L'homme ne cite jamais ses ennemis. Pas même Abdelaziz
Bouteflika, l'ex-président algérien avec qui il entretient des relations
exécrables : « Il ne veut pas d'un Berlusconi en Algérie, m'a-t-on dit »,
glisse-t-il sans jamais le nommer.
Le « Berlusconi
algérien »
Des points communs avec le magnat italien, il en existe
plus d'un.
Comme lui, Rebrab est un patron de presse.
Le regard rivé sur sa montre clinquante, il explique être
l'un des quatre fondateurs de Liberté, l'un des principaux médias d'opposition
qui lui assure une couverture médiatique favorable.
Il est aussi impliqué dans le football, via le club de la
Jeunesse sportive de Kabylie.
« C'est mon devoir d'aider la JSK et j'en suis fier »,
dit-il devant les caméras.
« Ce club est l'emblème de la Kabylie et de la nation
algérienne », le président d'honneur du club.
Ces activités lui ont permis d'asseoir sa notoriété. Et
de conforter sa position de « victime » de Bouteflika auprès du grand public.
Car depuis plusieurs années, tous les projets d'Issad
Rebrab sont ralentis ou bloqués par le pouvoir algérien.
Ce fut le cas d'un
hub portuaire en Kabylie, où devaient être construits un complexe
pétrochimique, une centrale électrique, une usine de construction automobile,
une de sidérurgie et une de désalinisation d'eau de mer.
Le tout devait
générer 1 million d'emplois et 32 milliards de dollars de revenus à l'export,
assure l'intéressé.
Autre projet
avorté, celui de l'usine de trituration de graines oléagineuses prévu par
Cevital dans la ville de Béjaïa, à l'est d'Alger.
Quelque 100 000
emplois étaient en jeu, toujours selon Rebrab.
Le gouvernement ne veut pas en faire une affaire d'Etat :
pour Ahmed Ouyahia, Premier ministre jusqu'au 11 mars dernier, « les
malentendus touchent des centaines d'entreprises et ce n'est pas en les
politisant ou en organisant des marches qu'ils vont se régler ».
La main invisible
Le coup de grâce fut porté avec le retrait de la
concession Hyundai qu'Issad Rebrab détenait depuis plus de vingt ans, et que
dirigeait l'un de ses fils, Omar.

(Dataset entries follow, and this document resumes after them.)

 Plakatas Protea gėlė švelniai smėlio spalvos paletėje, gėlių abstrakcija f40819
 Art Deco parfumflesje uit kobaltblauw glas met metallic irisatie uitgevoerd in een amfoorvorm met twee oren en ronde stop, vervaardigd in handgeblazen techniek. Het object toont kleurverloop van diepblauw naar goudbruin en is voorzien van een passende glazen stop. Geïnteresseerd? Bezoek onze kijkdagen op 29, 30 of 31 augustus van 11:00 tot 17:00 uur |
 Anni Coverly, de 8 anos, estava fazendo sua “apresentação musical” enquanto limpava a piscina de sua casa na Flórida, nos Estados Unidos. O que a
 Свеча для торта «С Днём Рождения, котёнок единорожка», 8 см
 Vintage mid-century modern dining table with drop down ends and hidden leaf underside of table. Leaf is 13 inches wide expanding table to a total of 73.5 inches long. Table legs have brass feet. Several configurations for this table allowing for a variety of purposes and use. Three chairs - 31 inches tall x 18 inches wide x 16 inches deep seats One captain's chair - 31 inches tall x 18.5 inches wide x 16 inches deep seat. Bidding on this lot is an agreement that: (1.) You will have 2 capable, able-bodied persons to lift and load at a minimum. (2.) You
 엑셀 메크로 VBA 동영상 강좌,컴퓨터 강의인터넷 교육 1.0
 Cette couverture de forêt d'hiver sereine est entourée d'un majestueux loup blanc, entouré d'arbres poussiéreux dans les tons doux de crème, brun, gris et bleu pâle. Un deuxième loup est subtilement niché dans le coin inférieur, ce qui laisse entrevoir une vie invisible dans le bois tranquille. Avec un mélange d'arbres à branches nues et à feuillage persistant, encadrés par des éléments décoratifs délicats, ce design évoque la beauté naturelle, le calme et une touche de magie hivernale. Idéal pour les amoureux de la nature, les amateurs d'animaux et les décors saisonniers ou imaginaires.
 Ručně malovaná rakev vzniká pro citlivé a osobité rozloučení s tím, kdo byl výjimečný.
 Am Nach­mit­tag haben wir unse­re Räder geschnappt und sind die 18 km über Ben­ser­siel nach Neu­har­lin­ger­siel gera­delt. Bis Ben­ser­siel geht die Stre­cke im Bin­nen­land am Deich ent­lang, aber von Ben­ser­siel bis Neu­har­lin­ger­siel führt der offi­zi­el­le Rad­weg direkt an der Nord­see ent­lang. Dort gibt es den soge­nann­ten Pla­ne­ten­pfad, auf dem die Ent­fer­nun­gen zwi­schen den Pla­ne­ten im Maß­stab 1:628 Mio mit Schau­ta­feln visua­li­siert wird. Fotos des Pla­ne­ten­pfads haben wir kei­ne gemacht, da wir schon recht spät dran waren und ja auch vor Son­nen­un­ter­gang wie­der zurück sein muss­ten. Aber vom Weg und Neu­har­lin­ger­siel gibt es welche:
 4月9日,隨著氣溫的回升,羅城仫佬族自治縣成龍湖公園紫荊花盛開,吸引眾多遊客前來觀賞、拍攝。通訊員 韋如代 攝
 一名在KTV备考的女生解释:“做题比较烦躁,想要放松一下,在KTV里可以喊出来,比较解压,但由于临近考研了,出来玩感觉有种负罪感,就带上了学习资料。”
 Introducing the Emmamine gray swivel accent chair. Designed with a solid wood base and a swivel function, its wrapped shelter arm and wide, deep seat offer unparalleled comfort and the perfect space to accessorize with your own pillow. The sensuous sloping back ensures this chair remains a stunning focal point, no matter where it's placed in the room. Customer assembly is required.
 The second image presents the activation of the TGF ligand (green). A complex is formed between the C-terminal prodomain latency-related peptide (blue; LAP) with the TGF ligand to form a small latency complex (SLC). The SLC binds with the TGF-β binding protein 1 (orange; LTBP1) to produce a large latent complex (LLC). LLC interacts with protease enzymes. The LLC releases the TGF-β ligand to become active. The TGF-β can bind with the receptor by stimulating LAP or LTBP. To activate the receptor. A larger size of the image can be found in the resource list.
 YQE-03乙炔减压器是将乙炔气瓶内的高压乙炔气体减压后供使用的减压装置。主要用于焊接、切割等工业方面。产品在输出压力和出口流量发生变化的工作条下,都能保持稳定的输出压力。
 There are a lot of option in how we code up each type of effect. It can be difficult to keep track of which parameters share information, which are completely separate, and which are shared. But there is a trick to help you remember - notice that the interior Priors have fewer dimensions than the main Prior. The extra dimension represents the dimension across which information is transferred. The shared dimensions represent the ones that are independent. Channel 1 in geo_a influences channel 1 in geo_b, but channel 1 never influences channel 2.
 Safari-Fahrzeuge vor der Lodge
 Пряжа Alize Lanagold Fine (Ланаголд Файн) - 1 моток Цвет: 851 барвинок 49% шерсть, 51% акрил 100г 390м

Celle-ci a été confiée à un autre homme
d'affaires, l'influent Tahkout Mahieddine, grâce aux arrangements de l'ancien
ministre de l'Industrie et des Mines, Abdeslam Bouchouareb.
Selon le journaliste algérien Khaled Drareni, « celui-ci
a tout fait pour trouver une faille chez Rebrab ».
Au-delà du gouvernement, c'est toute une partie du
patronat qui lui fait barrage.
Publiquement, le milliardaire préfère parler d'une « main
invisible » qui retient ses projets.
À notre micro, il se fait plus disert. Ces blocages ne
seraient-ils pas le fait d'un concurrent ?
La famille Kouninef ou le clan Haddad, par exemple ?
« Vous avez tout compris », murmure-t-il.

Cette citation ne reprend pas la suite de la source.